Required action: In the entries that follow, find the line containing "2. تنسيق ورد أحمر على كيس أنوش" and the line containing "矢口 享汰さんを姓名の画数から五運を鑑定", then retype exactly the lines from the first through the second, pictures excluded.

Supplied data:
- Opening Delimiter -
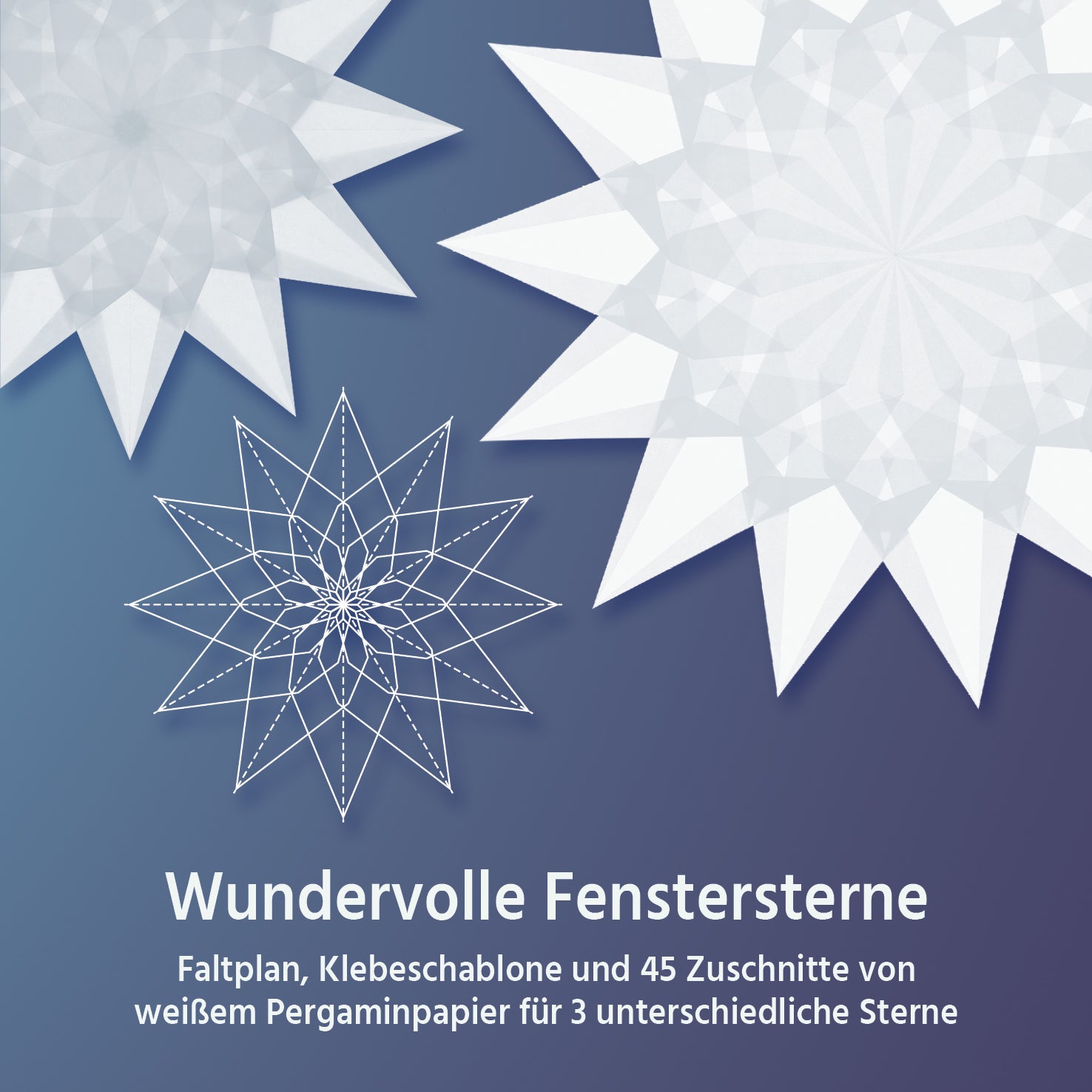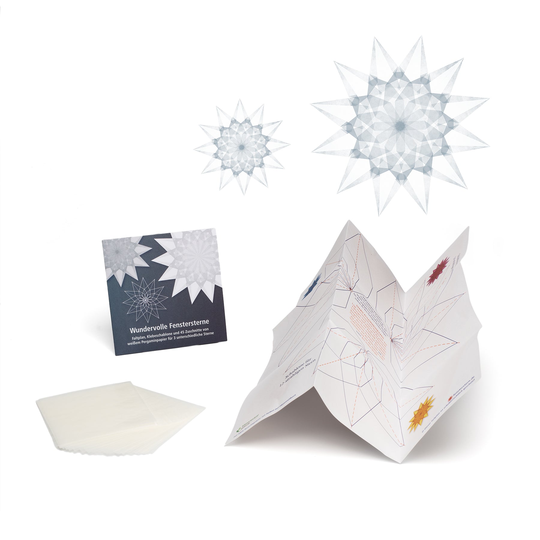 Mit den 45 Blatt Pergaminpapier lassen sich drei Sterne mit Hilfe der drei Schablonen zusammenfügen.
- Closing Delimiter -
- Opening Delimiter -
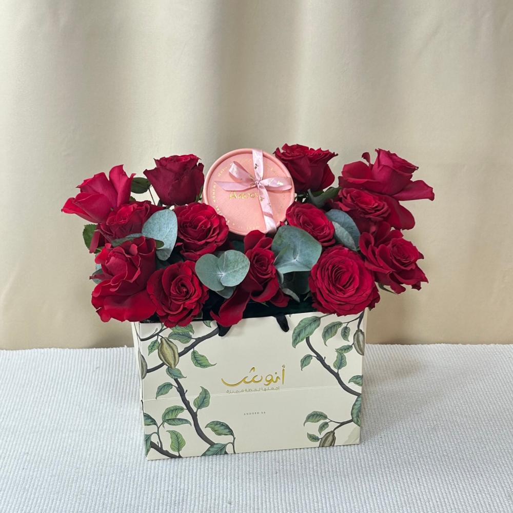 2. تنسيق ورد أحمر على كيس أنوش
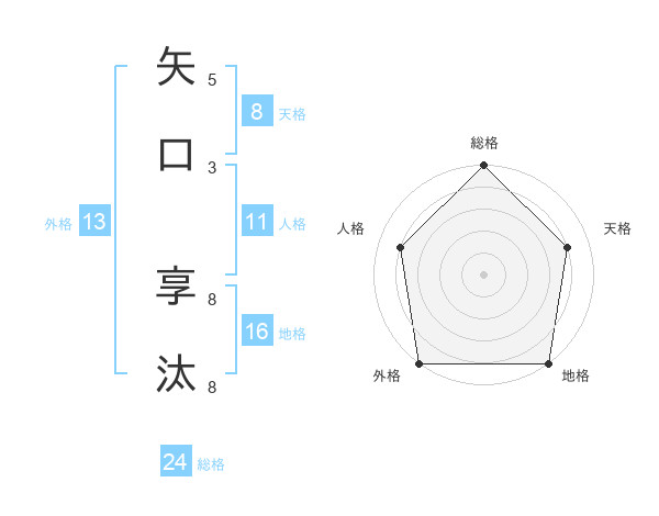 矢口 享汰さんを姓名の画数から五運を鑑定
- Closing Delimiter -
Answer to the problem:
 2. تنسيق ورد أحمر على كيس أنوش
 矢口 享汰さんを姓名の画数から五運を鑑定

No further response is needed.